RECORD EXTRACTS:
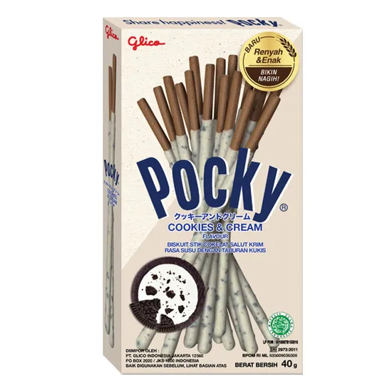 Pocky cookies and cream - хрусткі бісквітні палички зі смаком орео. Вони вкриті ніжним білим кремом та присипані печивом. Добре запаковані у фірмову картонну коробочку.
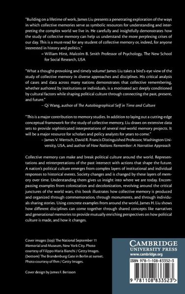 Collective memory can make and break political culture around the world. Representations and reinterpretations of the past intersect with actions that shape the future. A nation's political culture emerges from complex layers of institutional and individual responses to historical events. Society changes and is changed by these layers of memory over time. Understanding them gives us insight into where we are today. Encompassing examples from colonization and decolonization, revolving around the critical junctures of the world wars, this book illustrates how collective memory is produced and organized, through commemoration, through monuments, and through individuals sharing stories. Using concrete examples from around the world, James H. Liu shows how different disciplines can come together through shared concepts like narratives and generational memories to provide mutually enriching perspectives on how political culture is made, and how it changes.
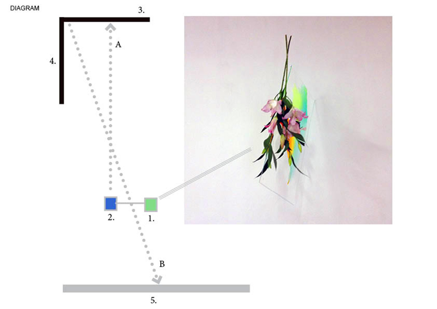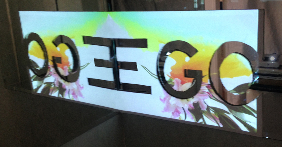 Installation. A live feed of a painting with a flowering branch is projected onto the word EGO on two intersecting mirrors.
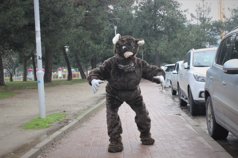 Bursa’da karınca, geyik,ayı, kartal kostümleri giyerek farkındalık oluşturan ve halkı gündeme ilişkin uyaran ünlü tiyatrocu Bahtiyar Keskin bu sefer salgına dikkat çekmek için virüs kılığına girdi. Bahtiyar Keskin, virüse benzettiği ilginç kostümüyle maskesiz gezen ve sosyal mesafe kurallarına uymayan vatandaşları uyardı. Ancak ilginç kostümüyle köpeği kızdıran tiyatrocu, hayvanın peşine düşmesiyle nereye kaçacağını şaşırdı.
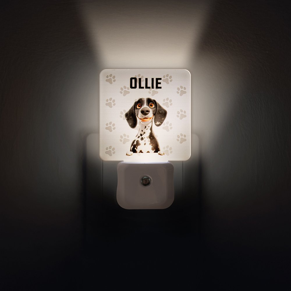 This LED plug-in night light features a charming cartoon pet design decorated with cute paws, highlighting adorable dogs in a playful and artistic style. The 3D design brings this cartoon dog to life, capturing the deep bond between you and your furry friend. You can customize 1-3 dogs and their names, making this LED night light more unique.
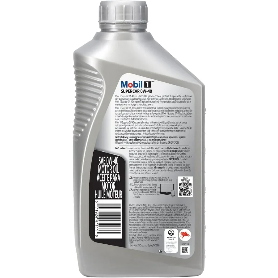 This full synthetic motor oil provides superior protection and performance for high-performance engines. Formulated with advanced additives to reduce wear, deposits, and friction. The 0W-40 viscosity ensures excellent flow at low temperatures and stable performance at high temperatures. Designed for supercars and performance vehicles requiring premium lubrication. Each pack includes six 1-quart bottles for convenient engine maintenance. Helps improve fuel efficiency and prolong engine life. Reduces engine noise and promotes smooth operation. Compatible with a wide range of gasoline and diesel engines. Meets or exceeds industry standards for modern vehicles. Keep your engine running at peak performance with this advanced synthetic motor oil.

PROBLEM DESCRIPTION:
Each entry above must be duplicated precisely; none of the pictures may be included.

WRITTEN ANSWER:
 Pocky cookies and cream - хрусткі бісквітні палички зі смаком орео. Вони вкриті ніжним білим кремом та присипані печивом. Добре запаковані у фірмову картонну коробочку.
 Collective memory can make and break political culture around the world. Representations and reinterpretations of the past intersect with actions that shape the future. A nation's political culture emerges from complex layers of institutional and individual responses to historical events. Society changes and is changed by these layers of memory over time. Understanding them gives us insight into where we are today. Encompassing examples from colonization and decolonization, revolving around the critical junctures of the world wars, this book illustrates how collective memory is produced and organized, through commemoration, through monuments, and through individuals sharing stories. Using concrete examples from around the world, James H. Liu shows how different disciplines can come together through shared concepts like narratives and generational memories to provide mutually enriching perspectives on how political culture is made, and how it changes.
 Installation. A live feed of a painting with a flowering branch is projected onto the word EGO on two intersecting mirrors.
 Bursa’da karınca, geyik,ayı, kartal kostümleri giyerek farkındalık oluşturan ve halkı gündeme ilişkin uyaran ünlü tiyatrocu Bahtiyar Keskin bu sefer salgına dikkat çekmek için virüs kılığına girdi. Bahtiyar Keskin, virüse benzettiği ilginç kostümüyle maskesiz gezen ve sosyal mesafe kurallarına uymayan vatandaşları uyardı. Ancak ilginç kostümüyle köpeği kızdıran tiyatrocu, hayvanın peşine düşmesiyle nereye kaçacağını şaşırdı.
 This LED plug-in night light features a charming cartoon pet design decorated with cute paws, highlighting adorable dogs in a playful and artistic style. The 3D design brings this cartoon dog to life, capturing the deep bond between you and your furry friend. You can customize 1-3 dogs and their names, making this LED night light more unique.
 This full synthetic motor oil provides superior protection and performance for high-performance engines. Formulated with advanced additives to reduce wear, deposits, and friction. The 0W-40 viscosity ensures excellent flow at low temperatures and stable performance at high temperatures. Designed for supercars and performance vehicles requiring premium lubrication. Each pack includes six 1-quart bottles for convenient engine maintenance. Helps improve fuel efficiency and prolong engine life. Reduces engine noise and promotes smooth operation. Compatible with a wide range of gasoline and diesel engines. Meets or exceeds industry standards for modern vehicles. Keep your engine running at peak performance with this advanced synthetic motor oil.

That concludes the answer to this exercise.